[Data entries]

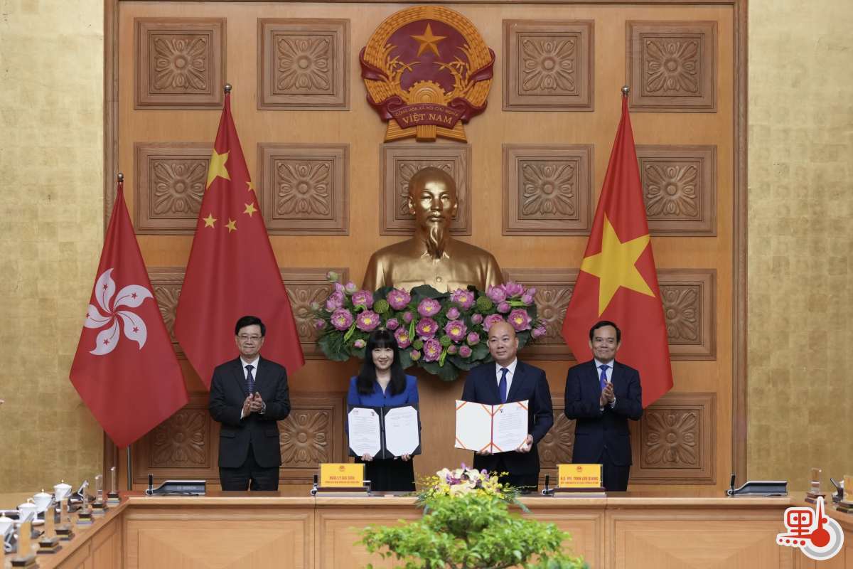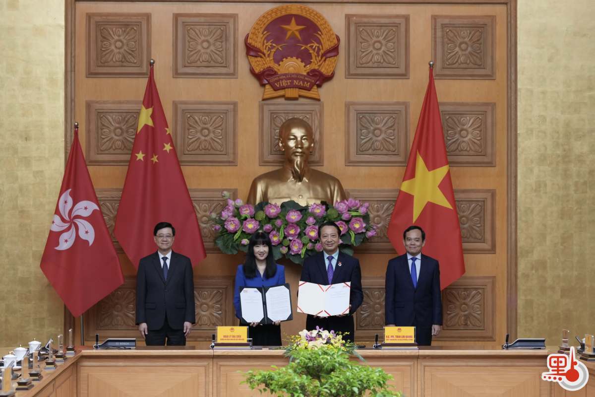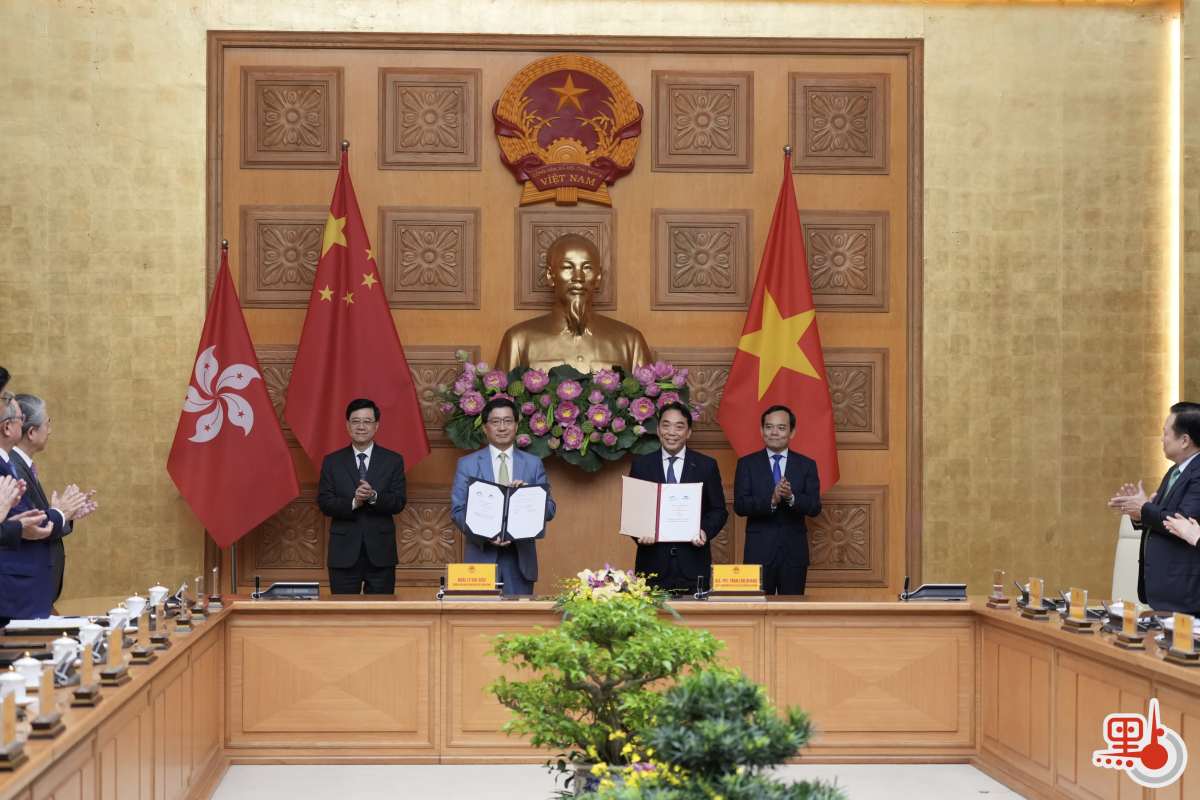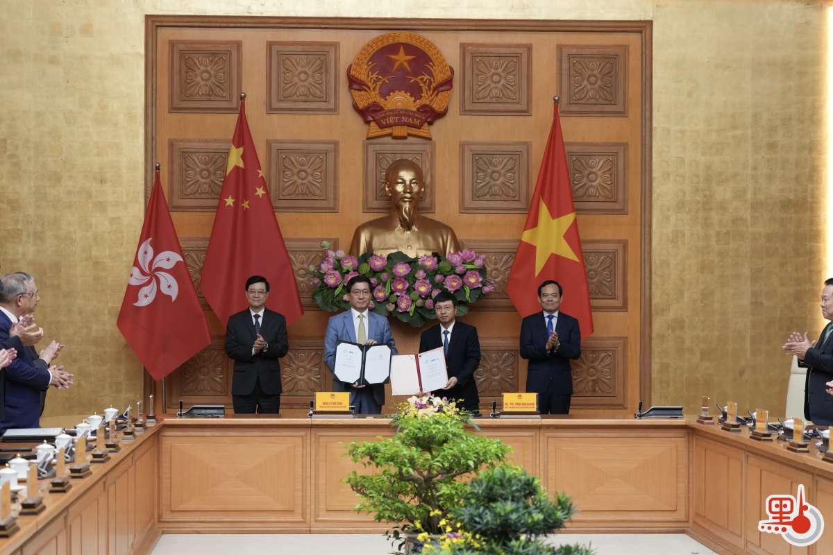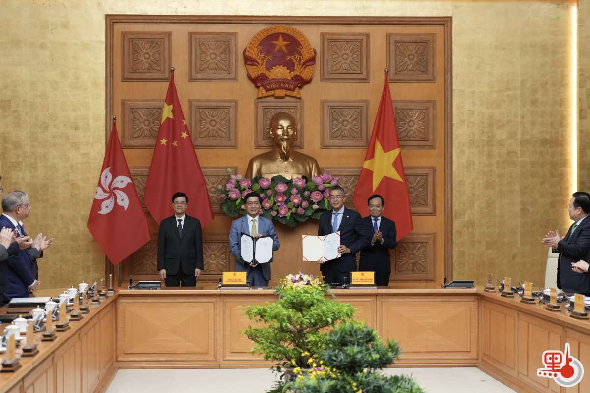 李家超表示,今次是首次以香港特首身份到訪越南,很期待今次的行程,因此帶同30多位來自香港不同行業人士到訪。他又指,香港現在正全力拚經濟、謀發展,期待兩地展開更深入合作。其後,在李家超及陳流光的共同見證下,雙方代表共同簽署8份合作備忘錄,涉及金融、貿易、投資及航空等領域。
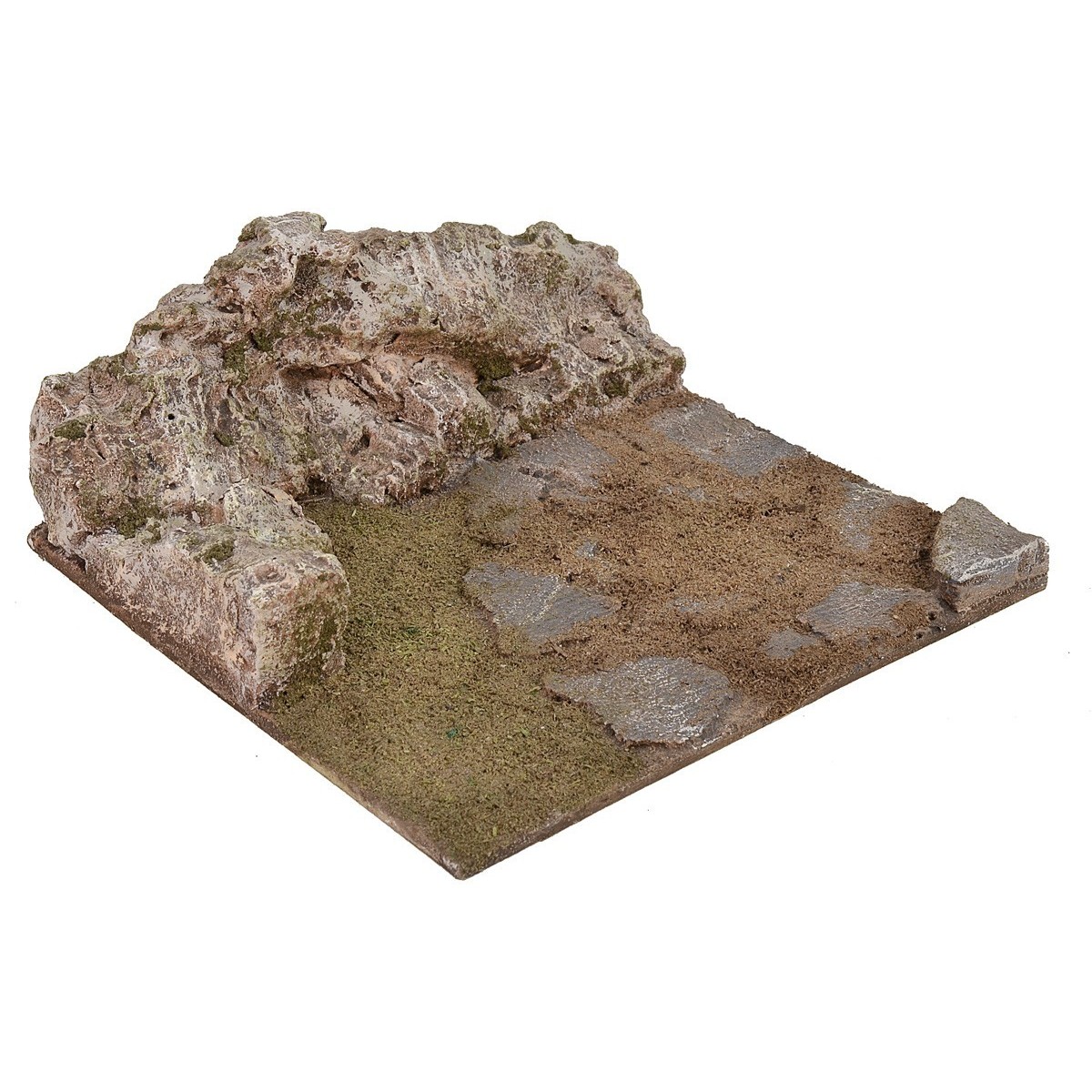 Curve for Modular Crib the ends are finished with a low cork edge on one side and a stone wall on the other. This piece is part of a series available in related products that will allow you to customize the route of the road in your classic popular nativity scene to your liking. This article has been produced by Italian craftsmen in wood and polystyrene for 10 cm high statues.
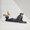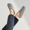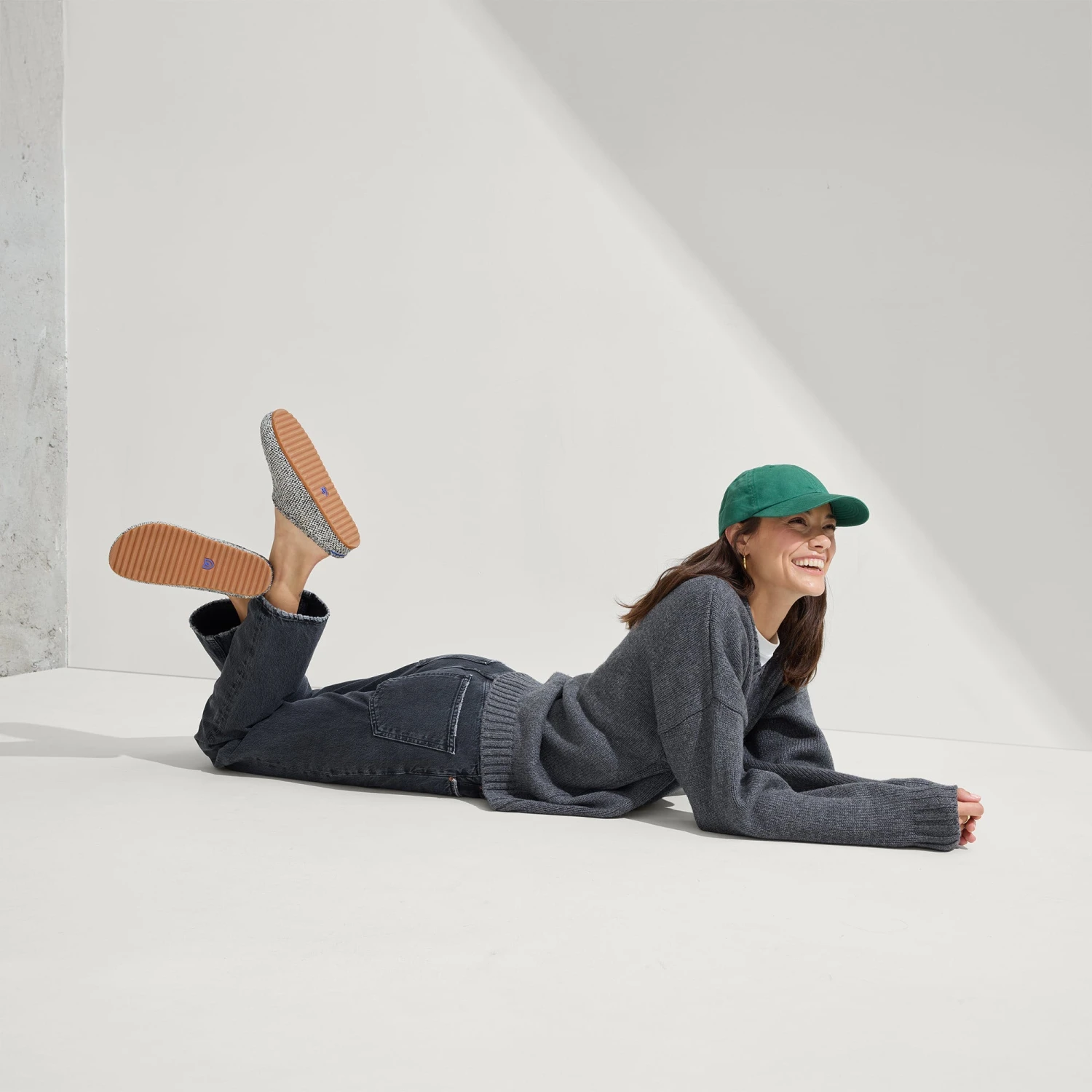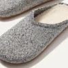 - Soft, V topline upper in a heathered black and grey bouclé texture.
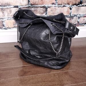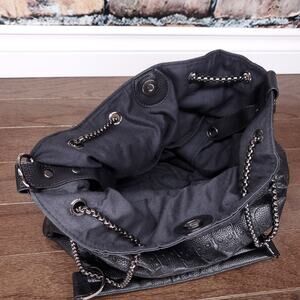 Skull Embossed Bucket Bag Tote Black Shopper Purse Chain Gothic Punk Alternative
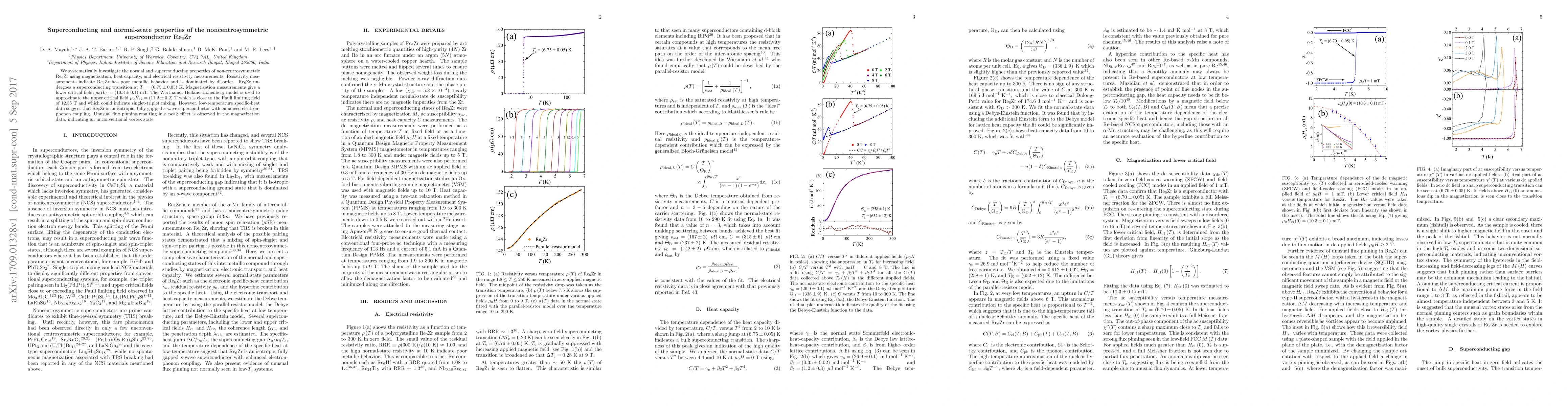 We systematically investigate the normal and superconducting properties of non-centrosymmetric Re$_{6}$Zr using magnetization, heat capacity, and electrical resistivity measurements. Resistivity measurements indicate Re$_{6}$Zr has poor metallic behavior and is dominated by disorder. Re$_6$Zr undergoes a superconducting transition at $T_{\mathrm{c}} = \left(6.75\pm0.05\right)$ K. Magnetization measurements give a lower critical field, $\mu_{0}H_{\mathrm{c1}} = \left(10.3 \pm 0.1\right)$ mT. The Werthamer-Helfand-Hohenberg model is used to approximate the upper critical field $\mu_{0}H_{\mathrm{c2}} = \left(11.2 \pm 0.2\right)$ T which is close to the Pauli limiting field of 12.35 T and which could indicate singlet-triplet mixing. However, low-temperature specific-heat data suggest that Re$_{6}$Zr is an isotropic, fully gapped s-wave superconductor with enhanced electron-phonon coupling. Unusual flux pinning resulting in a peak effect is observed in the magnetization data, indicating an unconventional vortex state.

§ WHAT TO DO
From the line that includes "- Soft, V topline" on down to the last line of the entries above, set down each line exactly, leaving out the pictures.

§ ANSWER FOR THIS EXERCISE
 - Soft, V topline upper in a heathered black and grey bouclé texture.
 Skull Embossed Bucket Bag Tote Black Shopper Purse Chain Gothic Punk Alternative
 We systematically investigate the normal and superconducting properties of non-centrosymmetric Re$_{6}$Zr using magnetization, heat capacity, and electrical resistivity measurements. Resistivity measurements indicate Re$_{6}$Zr has poor metallic behavior and is dominated by disorder. Re$_6$Zr undergoes a superconducting transition at $T_{\mathrm{c}} = \left(6.75\pm0.05\right)$ K. Magnetization measurements give a lower critical field, $\mu_{0}H_{\mathrm{c1}} = \left(10.3 \pm 0.1\right)$ mT. The Werthamer-Helfand-Hohenberg model is used to approximate the upper critical field $\mu_{0}H_{\mathrm{c2}} = \left(11.2 \pm 0.2\right)$ T which is close to the Pauli limiting field of 12.35 T and which could indicate singlet-triplet mixing. However, low-temperature specific-heat data suggest that Re$_{6}$Zr is an isotropic, fully gapped s-wave superconductor with enhanced electron-phonon coupling. Unusual flux pinning resulting in a peak effect is observed in the magnetization data, indicating an unconventional vortex state.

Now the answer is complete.